Через много лет признается Олегу Михайлову, что не поехала в СССР потому, что именно в те дни подписала сумасшедший контракт с «Холливудом». По другим сведениям, у нее как раз был роман с каким-то французским летчиком. Правда, уже в Москве повинится: «Только теперь я понимаю, какой я была эгоисткой». Здесь, уже в этом доме, много сделает, каясь, для увековечивания памяти отца, для создания музея его. И сама в СССР будет жить бедно — приторговывать памятью отца, как иные дети писателей, откажется, все передаст стране безвозмездно. Играть будет в московских театрах, но на «вторых ролях». Поначалу будет оправдывать себя. «Учтите, — будет говорить, — мне не было еще и тридцати. Будущее казалось мне лучезарным!» — но в конце концов признается: «Теперь я вижу, что все те годы прожила бесплодно…» Отец ее, думается, принял бы эти слова — он-то знал цену и состраданию, и раскаянию.
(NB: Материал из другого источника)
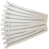 WHAT YOU GET - Set of 12 white YKK brand metal zippers in a silver aluminum finish. These are number 5 closed end zippers.
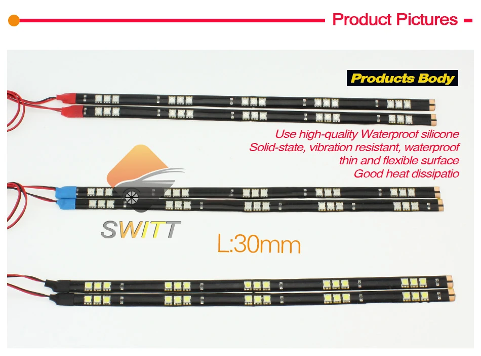 Newest 2pcs x 30cm 5050 15 smd DRL parking light led Car Styling Flexible LED Daytime Running Lights waterproof white blue red

Умерла от рака, в забвении и одиночестве. На календаре был декабрь 1981 г.
307. Фрунзенская наб., 50
(с.), — Ж. — с 1950 по 1988 г. — поэт, прозаик и мемуарист Сергей Иванович Малашкин. Здесь ему не хватило трех недель до 100-летнего юбилея. Старейший писатель Советского Союза. Удивительно!Жизнь его была довольно причудливой. Родом из батраков, он с 16 лет мыл в Москве молочные бутылки в магазинах Чичкина. Разумеется, «пошел в революцию», в 1905-м вступил в партию. А уже в 1914-м, учась в Народном университете Шанявского, познакомился с Есениным и выпустил первую книгу стихов «Мускулы». Потом перейдет на прозу и напишет, может, самый знаменитый роман свой «Луна с правой стороны» (1926), который переиздадут восемь раз. Книгу о «моральном разложении комсомольцев» и «отчуждении руководящего партийного слоя от народа и идеалов революции». Такое тогда не прощали, и он наверняка сгинул бы в лагерях, если бы не его давняя и на всю жизнь дружба с 1919 г. с Вячеславом Молотовым, ставшим вторым, после Сталина, человеком в государстве. Признаюсь, со жгучим интересом читал их разговоры, записанные когда-то поэтом Феликсом Чуевым.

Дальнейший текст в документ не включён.